Can you run k3s with --debug or debug: true in the config file, and check the containerd.log to see what's going on? If that doesn't show anything interesting you might need to crank the containerd log level all the way up to trace via the CONTAINERD_LOG_LEVEL env var.
Not sure why I didn't check the logs before, but this stuck out immediately:
May 31 10:53:33 pi5c k3s[1811314]: time="2025-05-31T10:53:33+10:00" level=info msg="spegel 2025/05/31 10:53:33 \"msg\"=\"restarting image state tracker due to error\" \"error\"=\"received errors when updating all images: could not get digests for image git.madhouse-project.org/algernon/iocaine:2.0.0@sha256:d47363d2ce6a9f4ab9eb0e14257e67eb6c74e8090c97151fabf54d99c27e44d0: failed to walk image manifests: invalid character '<' looking for beginning of value\""
I changed registries.yaml to specify all the registries I use except that one, and the problem went away.
Ahh so yeah it was probably stuck in a loop restarting the image state tracker and relisting images over and over again.
You might open an issue with the Spegel project, if you have a good way to reproduce.
@DrJosh9000 please do create an issue in Spegel if you are seeing an error with a specific image.
I have not looked into the specific version being used but Spegel will only return from the state track loop if the context or image channel is closed. All other errors related to state tracking will only log the error.
Thanks, having narrowed it down a bit I do intend to follow up with Spegel (once I get over this flu!)
This repository uses a bot to automatically label issues which have not had any activity (commit/comment/label) for 45 days. This helps us manage the community issues better. If the issue is still relevant, please add a comment to the issue so the bot can remove the label and we know it is still valid. If it is no longer relevant (or possibly fixed in the latest release), the bot will automatically close the issue in 14 days. Thank you for your contributions.
This repository uses a bot to automatically label issues which have not had any activity (commit/comment/label) for 45 days. This helps us manage the community issues better.

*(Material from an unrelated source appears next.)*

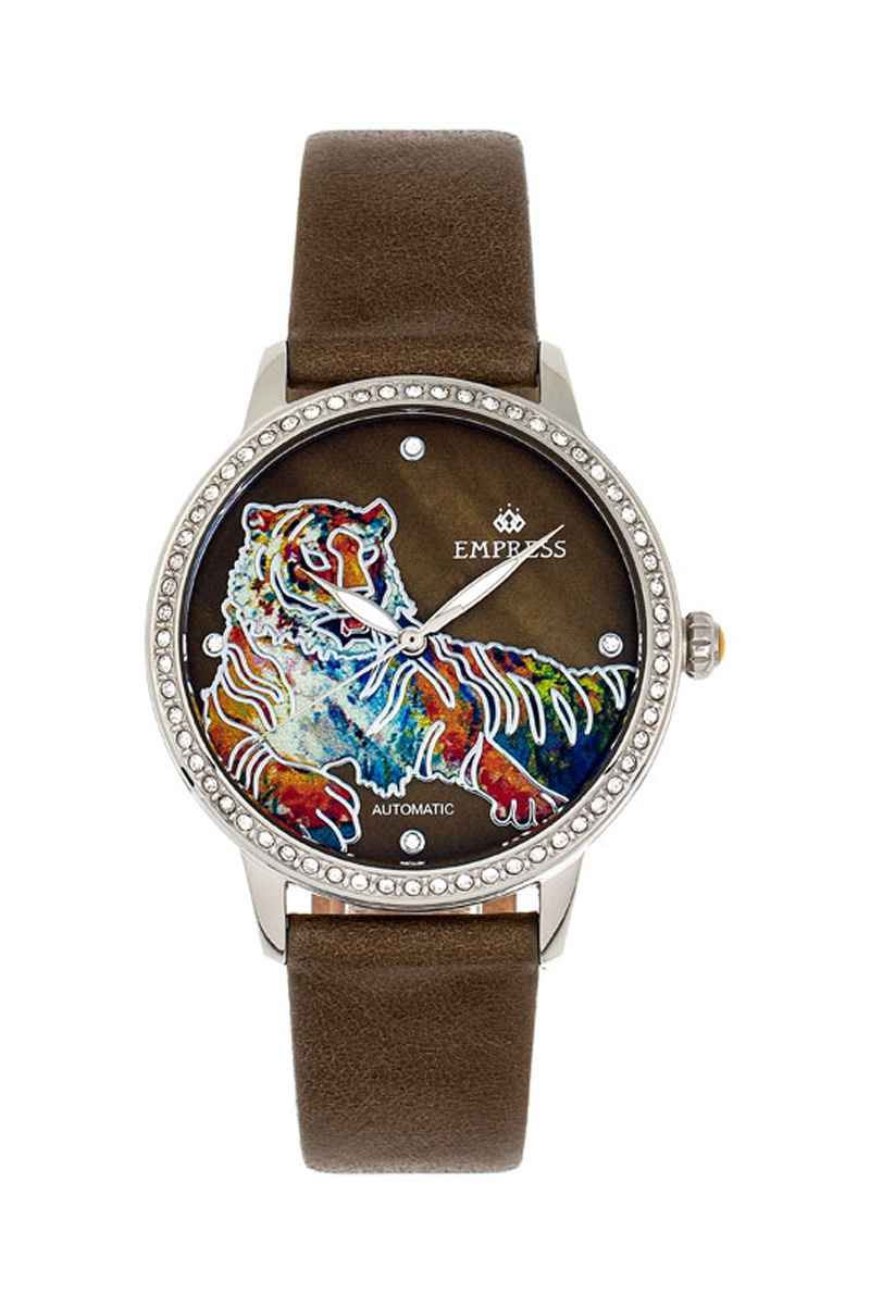 Reloj automático de piel Diana - Marrón y plateado - Empress

If the issue is still relevant, please add a comment to the issue so the bot can remove the label and we know it is still valid. If it is no longer relevant (or possibly fixed in the latest release), the bot will automatically close the issue in 14 days. Thank you for your contributions.
@brandond is this a placeholder to bump Spegel when fixed, or more needs to be done on our side?
I haven't managed to reproduce this on demand or narrow it down to anything specific in spegel, but we are planning to bump spegel next month one we get a few things pushed upstream.